▶ _What is being asked_: From the material below, set down exactly the lines that run from the one containing "Round Button with" to the one containing "活动最后,参与者们于南苑食堂", minus the pictures.

[Available data Boundary: Start]

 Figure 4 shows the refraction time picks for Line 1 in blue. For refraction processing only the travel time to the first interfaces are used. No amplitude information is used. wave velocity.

[Available data Boundary: End]
[Available data Boundary: Start]

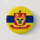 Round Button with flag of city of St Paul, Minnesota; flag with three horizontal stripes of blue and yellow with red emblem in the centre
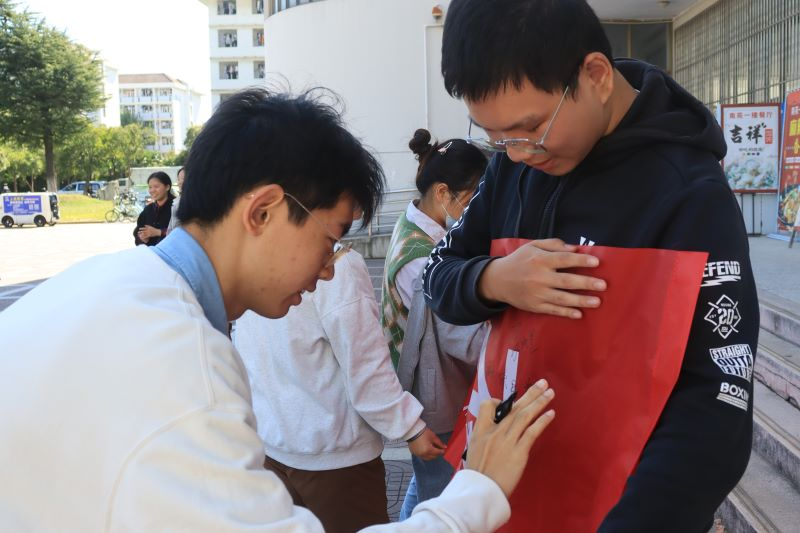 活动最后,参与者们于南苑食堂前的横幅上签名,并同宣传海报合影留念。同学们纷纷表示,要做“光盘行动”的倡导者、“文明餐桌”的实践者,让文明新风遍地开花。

[Available data Boundary: End]

▶ _Output of the task_:
 Round Button with flag of city of St Paul, Minnesota; flag with three horizontal stripes of blue and yellow with red emblem in the centre
 活动最后,参与者们于南苑食堂前的横幅上签名,并同宣传海报合影留念。同学们纷纷表示,要做“光盘行动”的倡导者、“文明餐桌”的实践者,让文明新风遍地开花。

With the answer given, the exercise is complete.